И ещё я думал, что Бока был забыт сегодня не случайно…
Потом была радость. Медицина разводила руками. Подруги важно кивали, усыновление – верный способ выпросить у судьбы долгожданное дитя. Но Людмилу что-то мучило. Погружённый внутрь себя, полный пуховой нежности взгляд внезапно всплывал пластмассовым поплавком. В глазах начинали метаться тени. Я списывал это на смену настроений, свойственную беременным.
В то утро я опаздывал, обжигался кофе и чертыхался. Кнопка ещё спала. Людмила смотрела сквозь меня. Потом, словно в безвоздушное, выдохнула:
– Девочку надо вернуть.
Я уставился на жену.
– Какую девочку? Куда?
– Я знаю, ты привязался к Машеньке, – она впервые назвала Кнопку по имени – но девочка нездорова. Она будет влиять на нашего ребёнка. – Людмила положила лёгкую ладонь на мою руку и заговорила, точно с упрямящимся ребёнком. – Петечка, ей требуется профессиональная помощь. Нам не справиться с её проблемами. У нас будет сын. Наш сын, понимаешь?
– А как же Кнопка?
Людмила вскочила. Из её глаз брызнули слёзы.
– Мне нужен покой! Не думаешь обо мне, подумай о своём сыне! Ему нужна здоровая мать! Комната без сумас… соседки! Деньги, наконец! Нормальные деньги, а не то, что останется от… чужого ребёнка!

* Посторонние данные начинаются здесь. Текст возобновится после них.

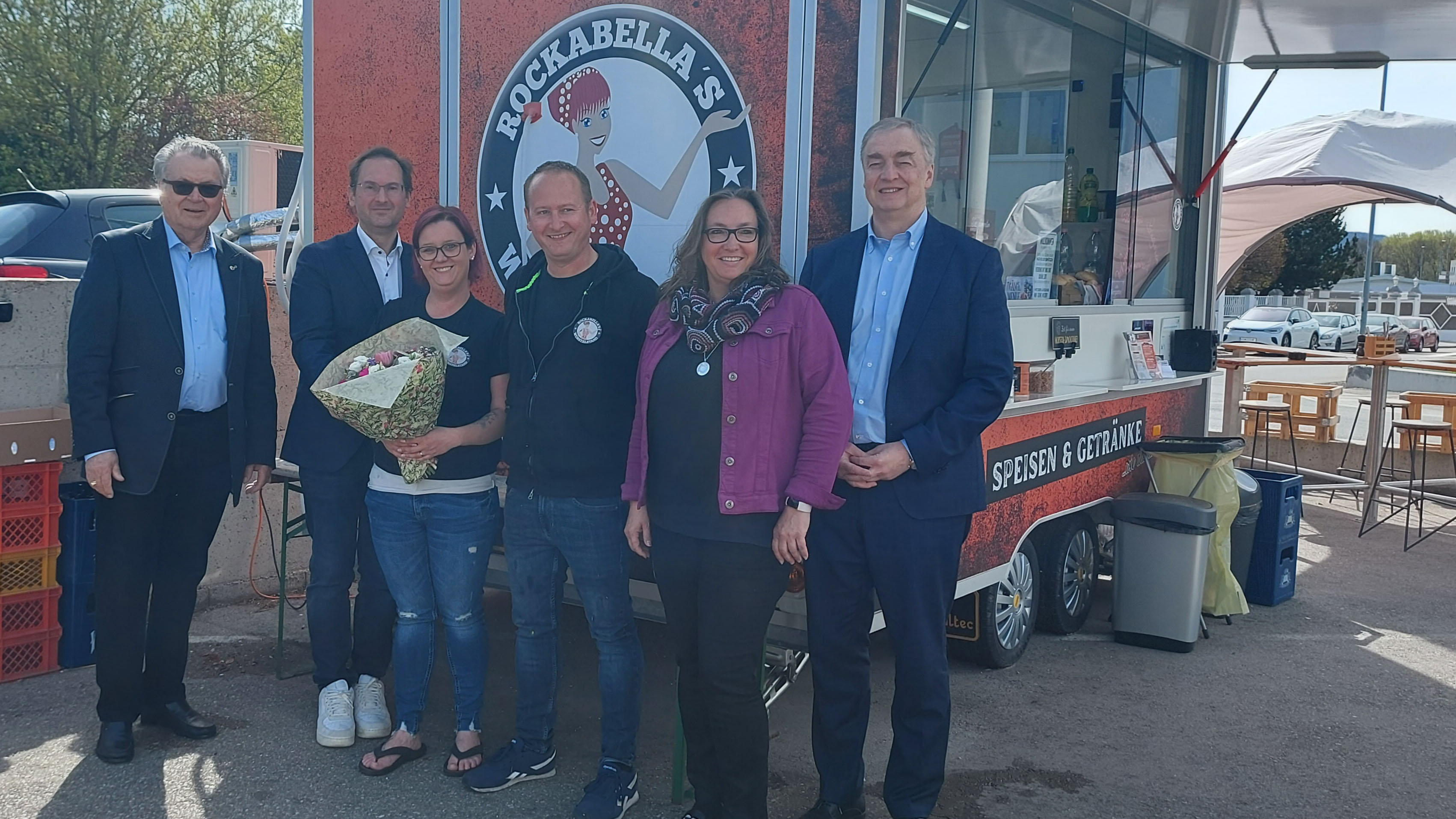 FIW-Bezirksvorsitzende Sabine Danzinger, Bezirksstellenobmann Andreas Minnich und Vizepräsident Christian Moser gratulierten zum Sprung in die Selbstständigkeit und wünschten “Rockabella`s Würstelstand” und dem nett gestalteten Schanigarten weiterhin viel Erfolg!

В тот ноябрьский день с деревьев облетели последние листья. Небо набрякло сизыми тучами. Нас вышла встречать Валентина Георгиевна. На её лице застыла вежливая маска. Она погладила Кнопку.
Какой толк гладить человека по голове, если на нём шерстяная шапка?
– Ну вот, Машенька, – улыбнулась она – ребятки по тебе очень скучали. А ты по ним скучала?
Кнопка снова прижимала к груди совсем уже потрепанного Боку. Или это он прижимал её? Но смотрела Кнопка на меня. Обиды или удивления в этом недетском взгляде не было. Помню, обнимал её, что-то обещал, целовал холодные от первых заморозков щёки. Потом сел в машину и выехал за ворота. Я не оглядывался, но фигурка, сросшаяся со своей плюшевой константой, маячила в зеркале заднего вида. Даже, когда я повернул за угол.
Когда проехал пять кварталов.
Когда продал машину…
Раз, вернувшись с работы, я увидел ползающую по полу Людмилу. Смеясь, она целовала пухлую пяточку сына. Счастье её было незамутнённым и полным.
Я сложил в сумку кое-какую одежду, бритву, сунул туда же номер "Огонька" (кажется, за август) и ушёл.
Ни сына, ни бывшую жену я с тех пор не видел. Платил алименты. Слышал, что Людмила очень удачно вышла замуж.
Не видел я и Кнопку.
Мутной сывороткой туманилось утро. Первые заморозки. Я сидел, привалившись затылком к колодцу. Горло саднило, точно я всю ночь пытался переорать гудок парохода. Снова вспомнилось фото актрисы из "Огонька". Бесчувственные поезда. Покинутые деревни. Всё, что было оставлено, забыто, вычеркнуто мной или кем-то. Что рождало Пустоту, взявшую много лет назад мой след.
Хрустнула ветка. Ко мне пробиралась Настасья.
Мы сидели за столом в её избушке. Старуха подливала в мою тарелку щи, ничего не спрашивала. Первым нарушил тишину я.
– Много сюда ходят?
– К колодцу-то? Теперь мало. – Настасья потёрла губы сухонькой ручкой. – Раньше много ходило. Издалека приезжали… Может, срам сейчас людей не так мает? Человека что мытарит? Срам его мытарит. А мы сраму-то своего никому не кажем. От себя и то прячем. А куда ему деваться, если уж сотворили его? Никуда и не девается. Поедом изнутра ест, хвори разные насылает. Колодец срам твой на глаза вытягивает. А дальше с ним что хошь делай.